▶ **Exercise directions**:
Please repeat the entire listing verbatim and keep the pictures out.

▶ **Collected material**:

Start of Block

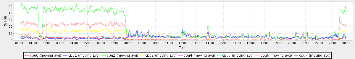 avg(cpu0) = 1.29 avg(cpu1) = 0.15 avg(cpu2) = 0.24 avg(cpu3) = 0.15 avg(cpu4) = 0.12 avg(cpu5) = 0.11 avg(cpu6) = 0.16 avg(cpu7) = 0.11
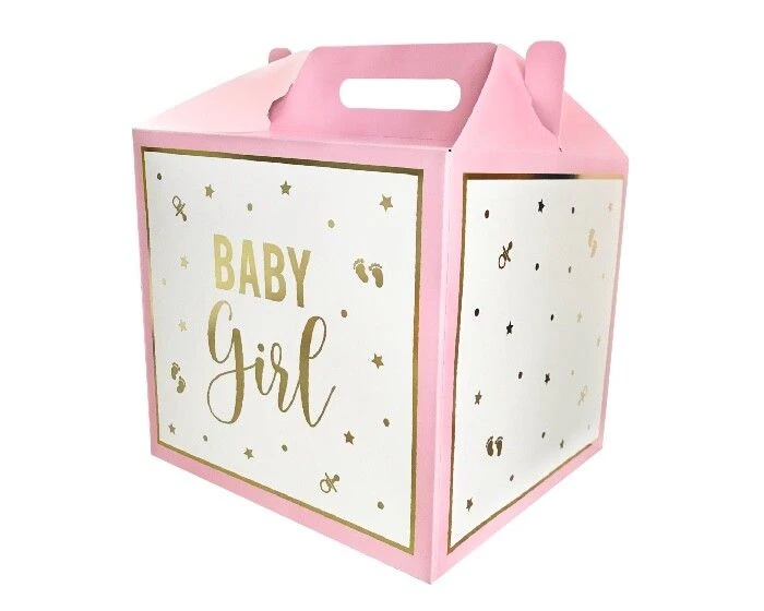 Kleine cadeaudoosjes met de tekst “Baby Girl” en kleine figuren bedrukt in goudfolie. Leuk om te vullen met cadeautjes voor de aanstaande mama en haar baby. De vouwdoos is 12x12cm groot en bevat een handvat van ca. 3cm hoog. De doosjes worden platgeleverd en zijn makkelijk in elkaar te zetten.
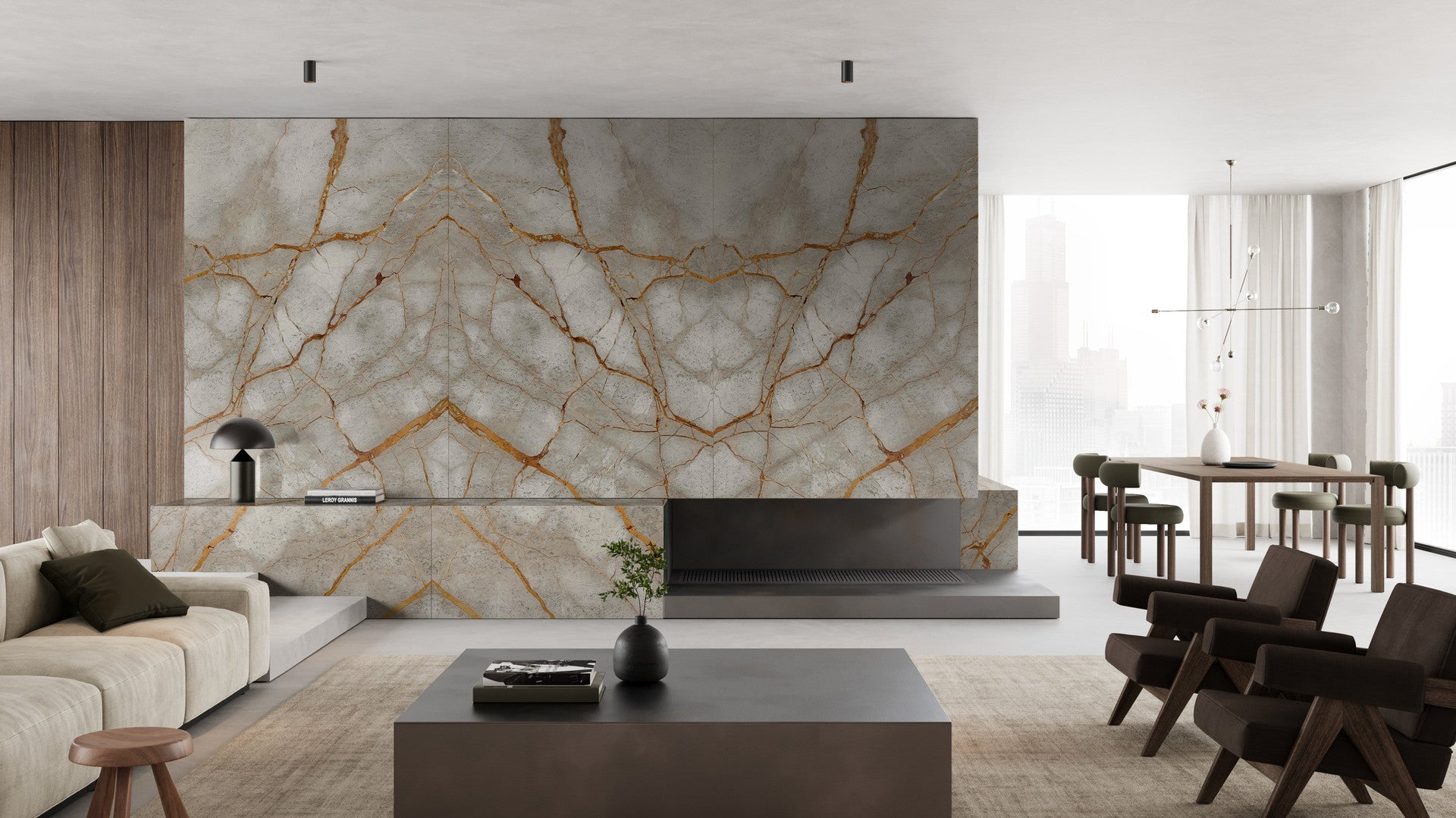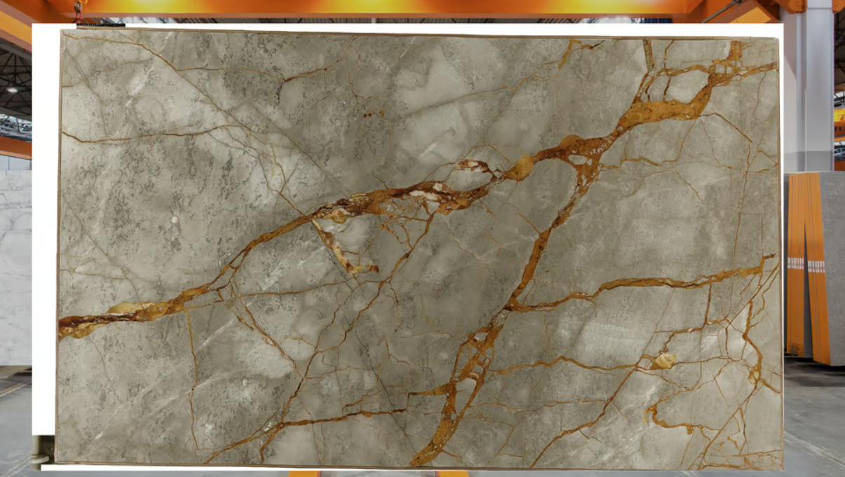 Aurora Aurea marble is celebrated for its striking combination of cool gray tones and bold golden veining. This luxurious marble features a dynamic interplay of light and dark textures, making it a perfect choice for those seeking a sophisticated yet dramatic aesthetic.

End of Block

▶ **Result of the task**:
 avg(cpu0) = 1.29 avg(cpu1) = 0.15 avg(cpu2) = 0.24 avg(cpu3) = 0.15 avg(cpu4) = 0.12 avg(cpu5) = 0.11 avg(cpu6) = 0.16 avg(cpu7) = 0.11
 Kleine cadeaudoosjes met de tekst “Baby Girl” en kleine figuren bedrukt in goudfolie. Leuk om te vullen met cadeautjes voor de aanstaande mama en haar baby. De vouwdoos is 12x12cm groot en bevat een handvat van ca. 3cm hoog. De doosjes worden platgeleverd en zijn makkelijk in elkaar te zetten.
 Aurora Aurea marble is celebrated for its striking combination of cool gray tones and bold golden veining. This luxurious marble features a dynamic interplay of light and dark textures, making it a perfect choice for those seeking a sophisticated yet dramatic aesthetic.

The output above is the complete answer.